俺はモルティーに言われた通りにもう一度頭の中に掃除機を浮かばせながら1つ1つの工程差を連想させる。


デュイン

ラクトの手の平に白い光が浮かびあがる。


「くっ…」


単純にそこから何かを生み出すというのは中々に難しい。

ここにはない物…それを俺は日本の世界で使われている物をここで再現させようとしているんだから。
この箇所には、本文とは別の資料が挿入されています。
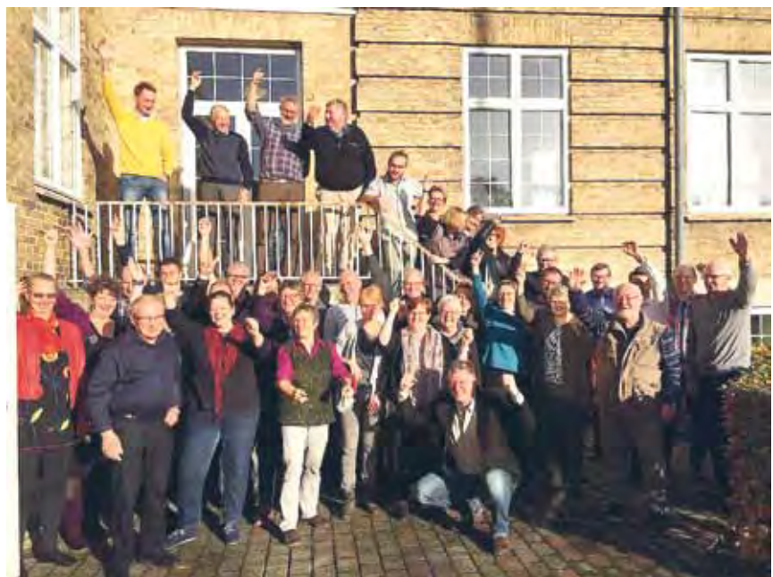
Grøpebillede med de fleste af deltagerne.

尚且つその構造を更に捻り出すというのは酷というものだ。

だけど……


「そうそうそうやって集中させて……ゆっくりと慌てなくていいから。……じゃあまず1つ目今考えて生み出そうとしてる中で君は何を思い浮かべる?」


そんなのさっきと変わらない。

まず始めに生み出させる物それは吸い取る穴だ。

だからそれを頭の中に浮かべて生み出させる。


ポワワン〜〜


「………」


「………くっここから一手間付け足すってどうしたら…」


「慌てない慌てない。ゆっくりゆっくりでいいから私が今君の手の上に重ねるようにしておくよ。そこから一手間付け足せばいい。……今私と君は錬金術でのパスを繋げてるような形になっている。コレはお互いの何をどのように力の流れを共有できるかが肝心になるんだよ。」


それはつまり

俺がモルティーに今思い浮かんでるのを橋渡しにするかのようにして突き出せばいいのか?


「………」


デュイン!


「………ふむふむ成る程成る程。穴を出したいんだね。それにその中には風が入って循環させている。挙げ句の果てには吸い取った奴を閉じ込める様なポケットが必要。………なるほど。となれば…こういうのを出せばいいのかな?」


「え?」


デュワーーーーン!

シュパーーーン!


手の平中で何かが弾けだし光る。

そしてその物体が俺の手の平の中に現れる。


「こ、これは……まさか本当にできたというのですか。」


形はそれそのものであり小さかった。

しかし意外にもコンパクトサイズであったため思っていたのとは違うがそれを生み出す事に成功した。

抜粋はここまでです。